▸ **EXERCISE**
Within the listing that follows, reproduce exactly the lines starting at the line with "奧迪A6的車身強(qiáng" and ending at the line with "Milo Casa Santo, kotna", inclusive, and only those. Pictures are dropped.

▸ **SUPPLIED MATERIAL**
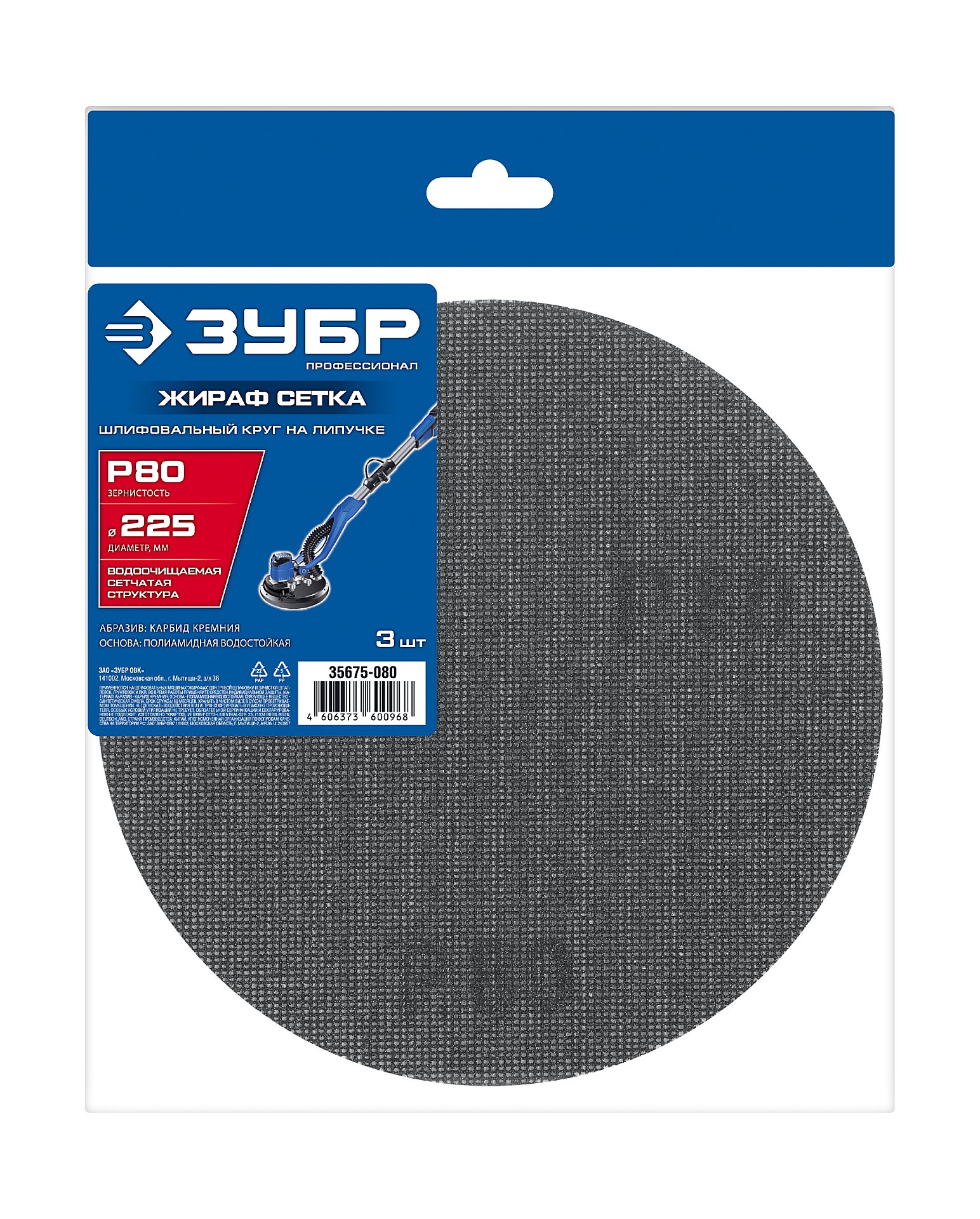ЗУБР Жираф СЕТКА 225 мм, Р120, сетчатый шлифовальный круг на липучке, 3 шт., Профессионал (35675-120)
---
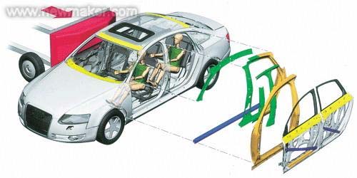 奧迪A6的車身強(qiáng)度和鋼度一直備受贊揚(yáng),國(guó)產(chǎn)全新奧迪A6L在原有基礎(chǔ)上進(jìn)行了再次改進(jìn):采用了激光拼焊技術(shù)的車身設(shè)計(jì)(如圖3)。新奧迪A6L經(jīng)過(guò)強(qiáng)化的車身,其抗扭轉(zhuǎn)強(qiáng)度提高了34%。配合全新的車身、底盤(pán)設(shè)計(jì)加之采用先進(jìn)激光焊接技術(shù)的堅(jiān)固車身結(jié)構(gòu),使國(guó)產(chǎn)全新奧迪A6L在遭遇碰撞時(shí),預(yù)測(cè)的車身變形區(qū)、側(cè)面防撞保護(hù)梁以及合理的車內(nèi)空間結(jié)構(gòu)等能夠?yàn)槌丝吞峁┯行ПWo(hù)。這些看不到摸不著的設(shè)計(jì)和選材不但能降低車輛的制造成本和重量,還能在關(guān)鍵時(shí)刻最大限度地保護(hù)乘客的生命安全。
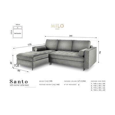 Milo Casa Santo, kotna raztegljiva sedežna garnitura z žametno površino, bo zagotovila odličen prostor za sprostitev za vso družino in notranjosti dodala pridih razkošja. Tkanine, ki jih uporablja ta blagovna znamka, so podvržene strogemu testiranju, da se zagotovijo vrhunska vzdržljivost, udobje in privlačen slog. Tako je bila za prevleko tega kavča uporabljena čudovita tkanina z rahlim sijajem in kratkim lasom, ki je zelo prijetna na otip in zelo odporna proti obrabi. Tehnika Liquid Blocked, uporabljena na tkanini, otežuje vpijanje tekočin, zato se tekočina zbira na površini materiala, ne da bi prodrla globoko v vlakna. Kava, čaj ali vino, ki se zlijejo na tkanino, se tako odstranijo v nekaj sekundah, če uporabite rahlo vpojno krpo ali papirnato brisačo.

▸ **TASK SOLUTION**
 奧迪A6的車身強(qiáng)度和鋼度一直備受贊揚(yáng),國(guó)產(chǎn)全新奧迪A6L在原有基礎(chǔ)上進(jìn)行了再次改進(jìn):采用了激光拼焊技術(shù)的車身設(shè)計(jì)(如圖3)。新奧迪A6L經(jīng)過(guò)強(qiáng)化的車身,其抗扭轉(zhuǎn)強(qiáng)度提高了34%。配合全新的車身、底盤(pán)設(shè)計(jì)加之采用先進(jìn)激光焊接技術(shù)的堅(jiān)固車身結(jié)構(gòu),使國(guó)產(chǎn)全新奧迪A6L在遭遇碰撞時(shí),預(yù)測(cè)的車身變形區(qū)、側(cè)面防撞保護(hù)梁以及合理的車內(nèi)空間結(jié)構(gòu)等能夠?yàn)槌丝吞峁┯行ПWo(hù)。這些看不到摸不著的設(shè)計(jì)和選材不但能降低車輛的制造成本和重量,還能在關(guān)鍵時(shí)刻最大限度地保護(hù)乘客的生命安全。
 Milo Casa Santo, kotna raztegljiva sedežna garnitura z žametno površino, bo zagotovila odličen prostor za sprostitev za vso družino in notranjosti dodala pridih razkošja. Tkanine, ki jih uporablja ta blagovna znamka, so podvržene strogemu testiranju, da se zagotovijo vrhunska vzdržljivost, udobje in privlačen slog. Tako je bila za prevleko tega kavča uporabljena čudovita tkanina z rahlim sijajem in kratkim lasom, ki je zelo prijetna na otip in zelo odporna proti obrabi. Tehnika Liquid Blocked, uporabljena na tkanini, otežuje vpijanje tekočin, zato se tekočina zbira na površini materiala, ne da bi prodrla globoko v vlakna. Kava, čaj ali vino, ki se zlijejo na tkanino, se tako odstranijo v nekaj sekundah, če uporabite rahlo vpojno krpo ali papirnato brisačo.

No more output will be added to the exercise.